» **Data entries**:
════

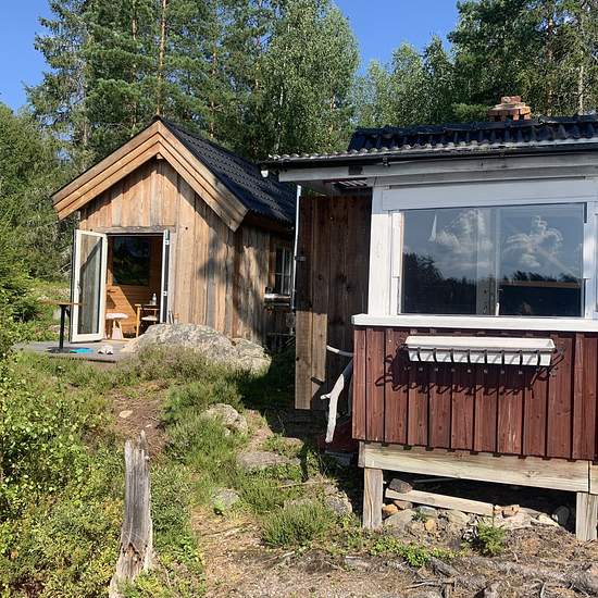 Två enkla stugor vid en sjö, mindre än två timmar från Stockholm. Den ena har ett separat utrymme för campingtoalett. Ingen tillgång till rinnande vatten och el. Uthyres årsvis med begränsad tillgänglighet på vintern, endast till skötsam familj eller par. Ej som permanentboende. Årshyra 35 000 SEK. Hyrs ut årsvis/en säsong. Serviceavgift för hyresgäst: 198
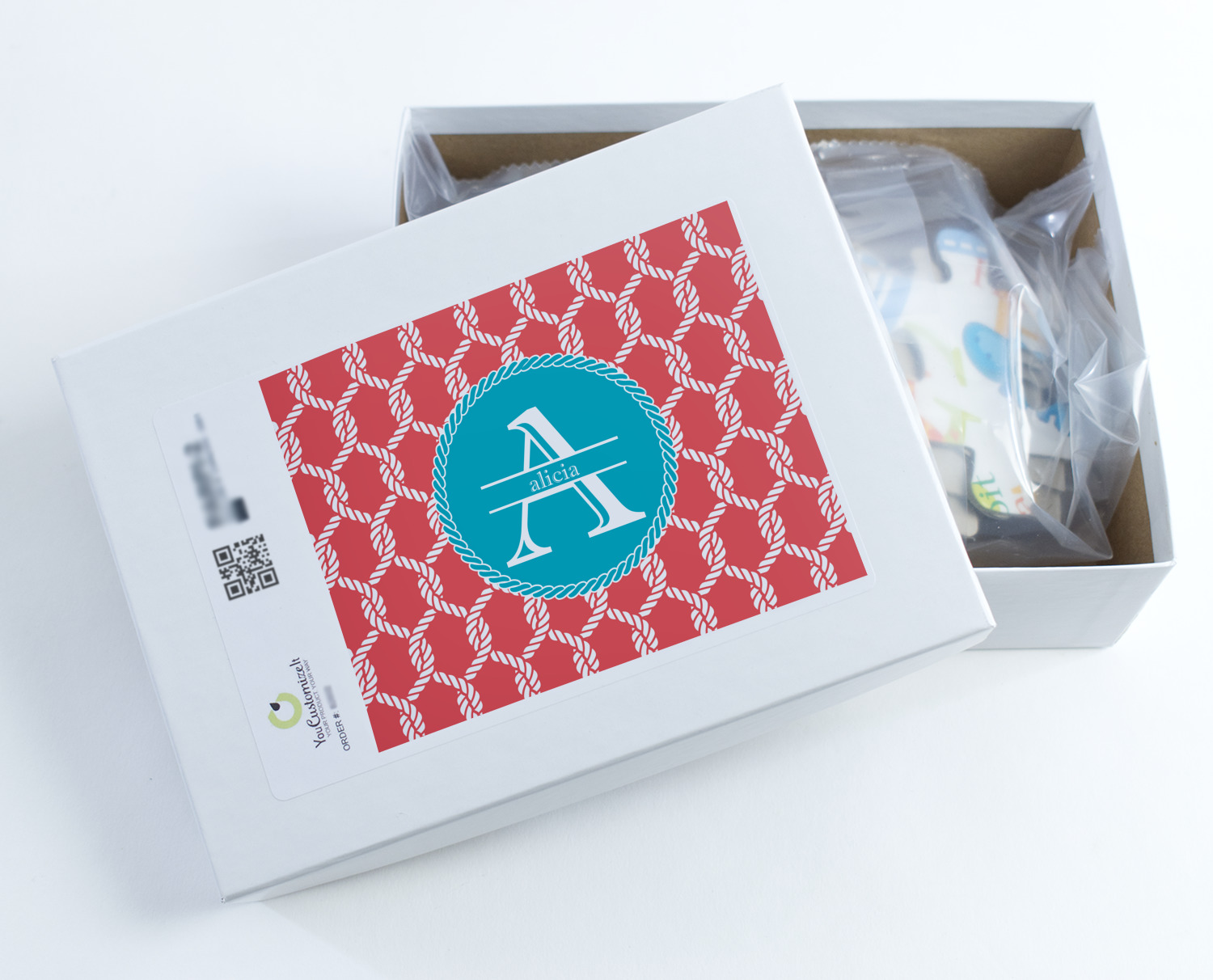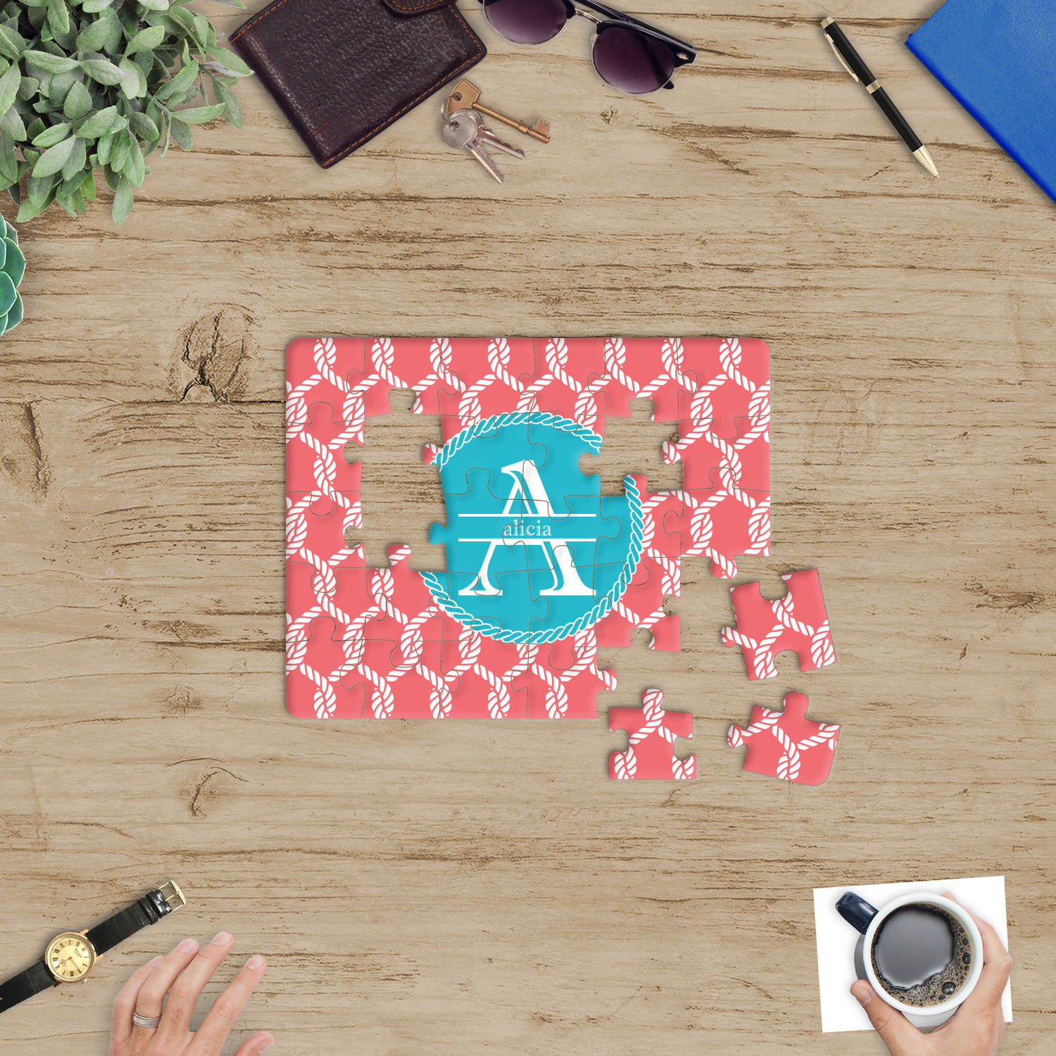 This linked ropes design is perfect for your real or dream beach house. The nautical design has ropes linked together to form diamonds. We have chosen a coral and teal palette for our design. We also chose a rope label and a name initial combination for our personalization.
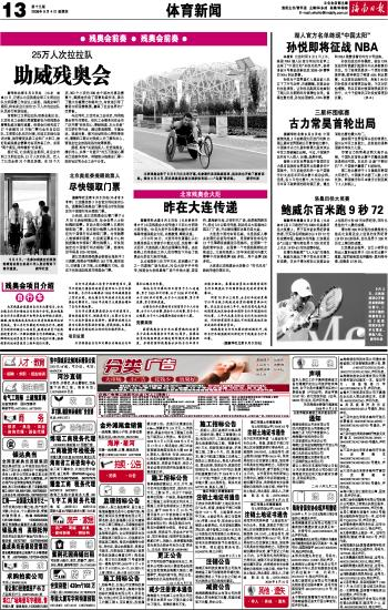 海南日报 体育新闻 013 2008-09-041 2008年09月04日 星期四
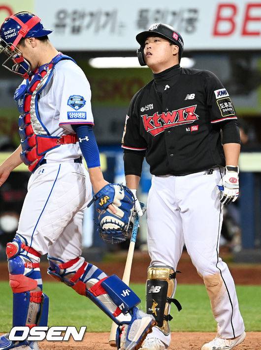 8회초 1사 주자 1루 KT 강백호가 타석에서 삼진아웃을 당한 후 아쉬워하고 있다.2021.10.22 / rumi@osen.co.kr
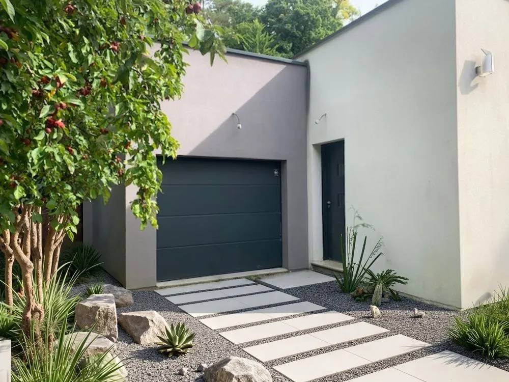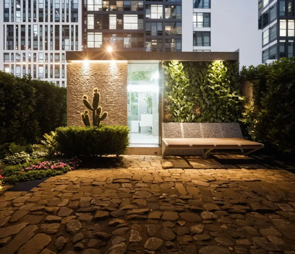 a modern home with cactus themed landscaping at night
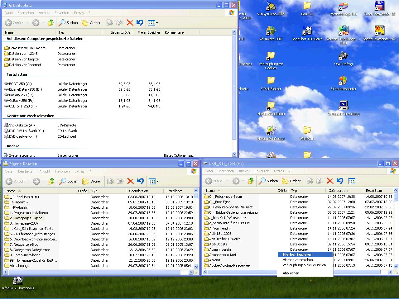 2. + 3. Den USB-Stick stöpseln und auf dem Arbeitsplatz nachsehen, was sich
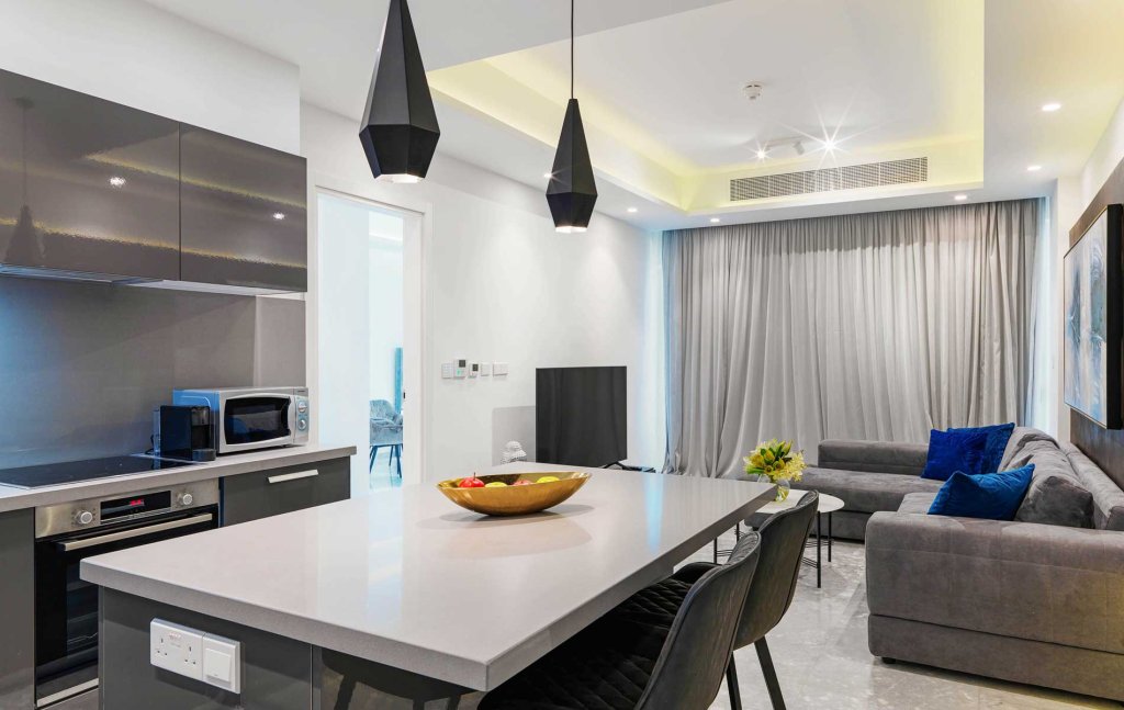 A two-bedroom modern apartment with an outstanding design. Providing a resort-style experience every single day, this luxurious residence is step away from the beach, the five-star award winning resort, countless dining experiences, and much more! The place to feel like a never-ending holiday for your and your loved ones.
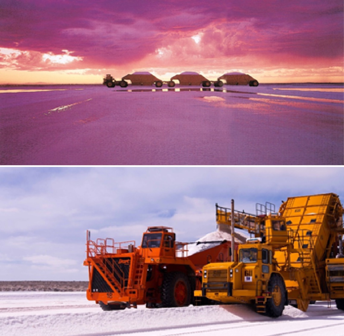 ゲレロネグロ塩田では、塩分濃度の高いコルテス海の海水を塩田に引き込み、強い太陽の日差しと、安定した風に恵まれた気候を最大限に活かして製塩しており、台風など荒天の影響を受けにくいことが、安定した製塩と計画的な供給を可能にしています。
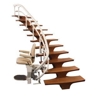 Straight and Curved Indoor and Outdoor Stairlift Specialists. We find the best model that best fits your stairway, personal needs and budget. Our straight rail indoor residential include the Bruno Elan SRE-3050 and Bruno SRE-2010, the Handicare 1100 and 1024, and the Harmar SL300 with folding flip-rail. Our Outdoor Stair Lift Chairs include the Bruno Exterior Elite SRE-2010E and the Handicare 1000 Outside Stair Chairlift. Our Curved stairway staircase chair stairlifts include the Bruno Elite CRE2110 and Exterior Chairlift Bruno Elite CRE-2110E and the Handicare 4000 Outside Chairlift. The Handicare Freecurve indoor curved chairlift is one of the very best on the market. The New AccessBDD Flow X Curved staircase chair lift is sure to become one of our best sellers. |

════

» **Try it**:
Starting with the line above that holds "8회초 1사 주자 1루", restate each line word for word up to and including the line that holds "2. + 3. Den". Drop the pictures.

» **Solution to this problem**:
 8회초 1사 주자 1루 KT 강백호가 타석에서 삼진아웃을 당한 후 아쉬워하고 있다.2021.10.22 / rumi@osen.co.kr
 a modern home with cactus themed landscaping at night
 2. + 3. Den USB-Stick stöpseln und auf dem Arbeitsplatz nachsehen, was sich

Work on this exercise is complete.